Pennsylvania will use its allocations of the newly approved Johnson & Johnson single-dose Covid-19 vaccine to inoculate teachers and school staff, and those who work with younger children will be among the first in line, Gov. Tom Wolf announced Wednesday.
Vaccinating teachers will allow students across the commonwealth who are learning remotely to return to school, Wolf said. That will not only foster their intellectual development and their social and emotional growth, but will ease the burden on parents who have struggled to balance family and work commitments during the pandemic, Wolf said.
The state is receiving an initial shipment of 94,000 J&J vaccine doses, plus another 30,000 doses being routed through the federal government's pharmacy partnership.
Pennsylvania has a little more than 200,000 teachers and support staff working at public schools and charter schools, according to Department of Education data. Initially, individuals working with elementary education students, students with disabilities, and English learners will have priority.

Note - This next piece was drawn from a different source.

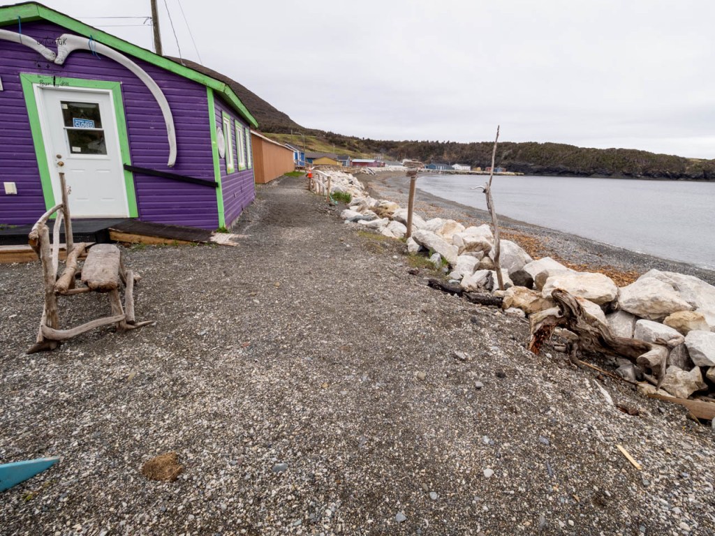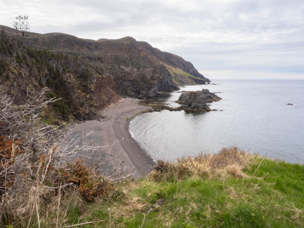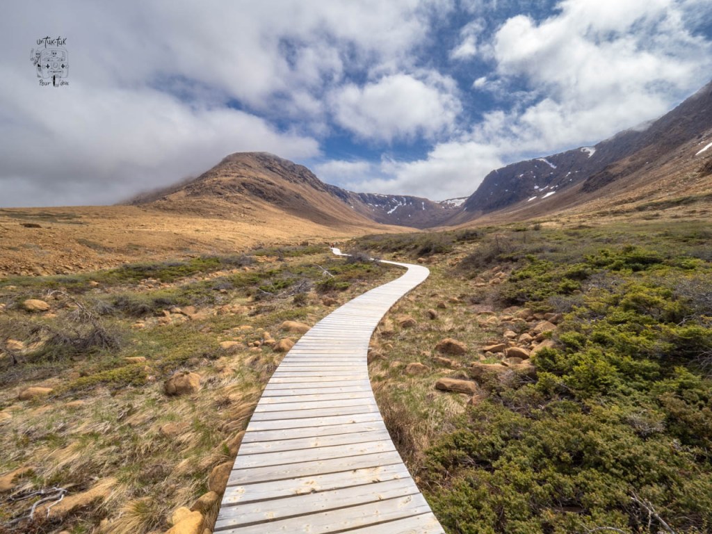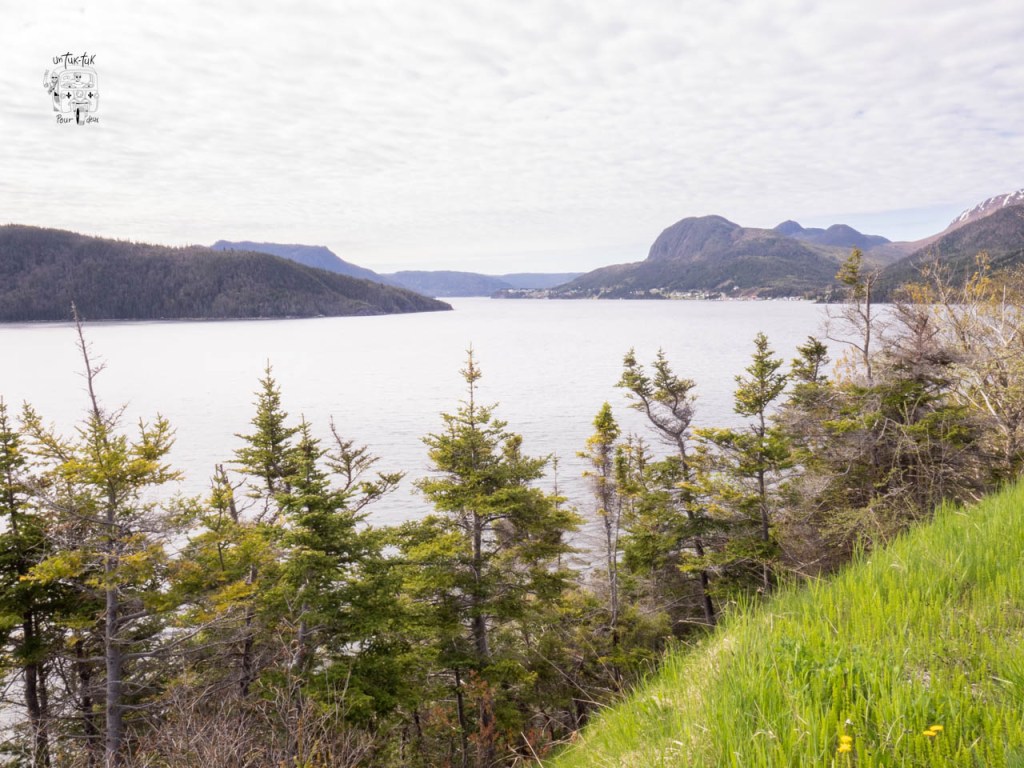 Comme troisième nuit dans le parc du Gros-Morne, c’est en plein centre de Trout River sur un terrain dégagé face à la mer que nous nous installons. Un léger dégagement au matin nous permet de marcher sur le trottoir de bois qui longe le village et de grimper au sentier en haut du cap accessible par un escalier situé après un petit pont. L’endroit offre une très belle vue… mais sans le soleil.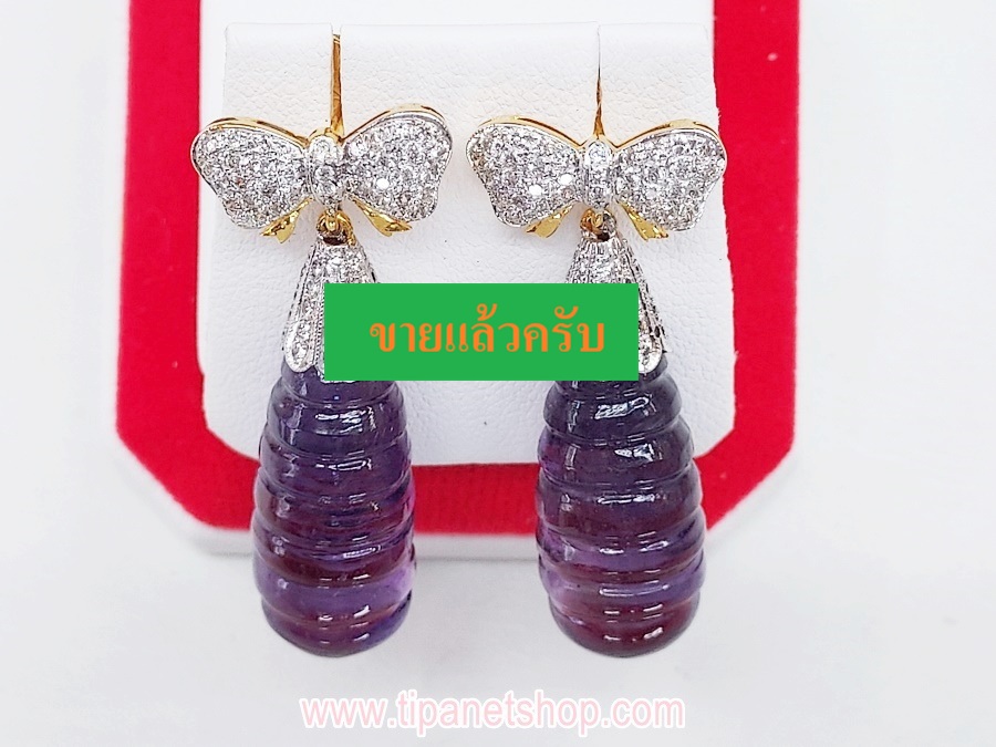 ต่างหูทอง18K ทรงระย้า พลอย อมิทีส สีม่วง เจียร

The initial will run parallel to the ongoing effort to vaccinate individuals in Pennsylvania's Phase 1A — adults over 65 or who have serious health conditions — using the two-dose Moderna and Pfizer vaccines.
The decision to direct the J&J vaccine toward educators was made by the Wolf administration in consultation with the state's Covid-19 vaccine task force, which includes representatives of the state House and Senate Republican and Democratic caucuses.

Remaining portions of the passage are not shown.